This template gives the agent everything it needs to understand capability, I/O contracts and where to find the actual code it should call.

## How the agent uses skills (selection and progressive loading)

Claude's skill selection is a two-step process:

1. Skill matching: When a user request arrives, the system computes similarity between the user's prompt and the metadata (the short description) of available skills. Only these compact summaries (~100–150 tokens) are used for the initial selection.
2. Body load: If a skill is selected as relevant, the agent loads the capability and resource sections (the medium and large tiers) for that specific skill and begins executing the workflow.

Because the initial match operates on small summaries, a library of many skills remains tractable in a single session. Only the selected skill's larger artifacts are added to the working context.

I observed one demonstration where connecting three MCP servers consumed around 16% of the available context — roughly 32,000 tokens — because MCP servers load all tool descriptions and available functions at connect time. By contrast, a skills-first approach kept the main context compact until a skill was actively invoked.

## How Claude Skills differ from MCP servers, subagents and slash commands

Claude Skills coexist with other agent paradigms but play a distinct role.

- MCP servers: MCP servers register many tools and expose them to the agent at connect time. That broad exposure increases upfront context cost because every tool's description is loaded into the agent's working memory. Skills instead delay loading detailed tool descriptions until a skill is selected.

- Subagents: Subagents are specialized agent instances invoked from a parent agent. They run in isolation and typically return a final result back to the caller without streaming intermediate context. Skills, however, remain attached to the main agent's context model and expose both instructions and programmatic helpers in a documented, hierarchical way.

- Slash commands: Slash commands are manual triggers for pre-defined workflows.
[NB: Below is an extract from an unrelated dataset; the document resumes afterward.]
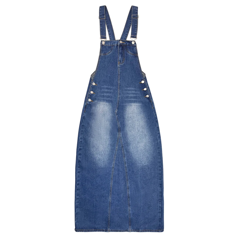 Multiple Buttons Detachable Shoulder Straps Maxi Denim Dress Women’s Casual Denim Overall Dress Loose Fit Versatile Outfits
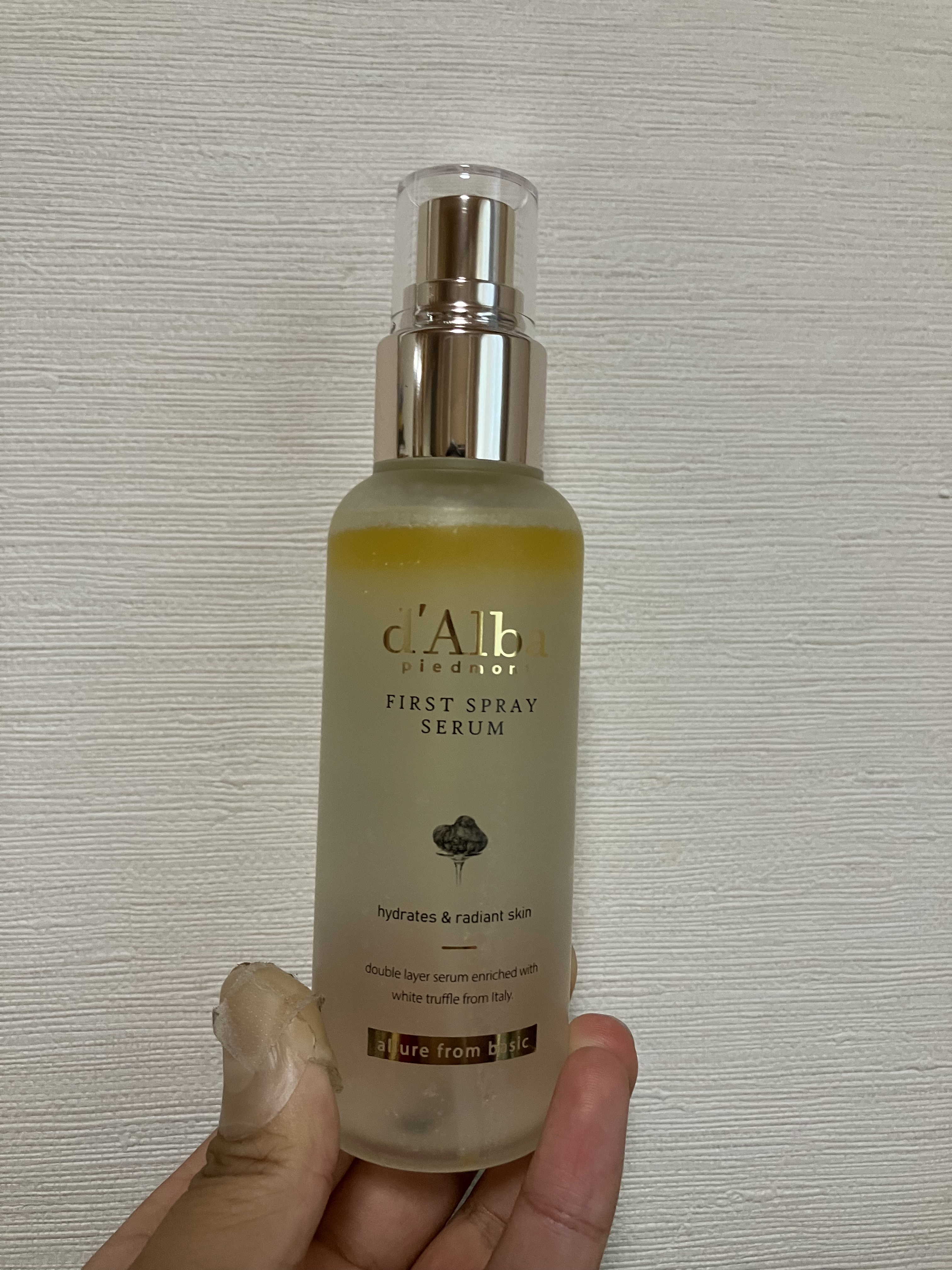 BeautyMeets企画でいただきました☘️ダルバホワイトトリュフ ファーストスプレーセラムです🧡スプレーの部分がゴールドで高級感があるボトルに入っています✨2層になっていて、上の方が黄色です。使う直前に振ってからスプレーしますよ。とっても...

Claude Skills are richer: they describe workflows, contain programmatic implementations, and are selected automatically by relevance similarity rather than only being manually invoked.

The combination of specialization (explicit SOP-like instructions) and progressive disclosure (metadata-first, body-on-demand) is the architectural differentiation that defines Claude Skills.

## Concrete code examples

Below are two concrete code examples: (1) a simplified Python tool that lives inside a skill, and (2) a sample skill.md snippet that references that tool.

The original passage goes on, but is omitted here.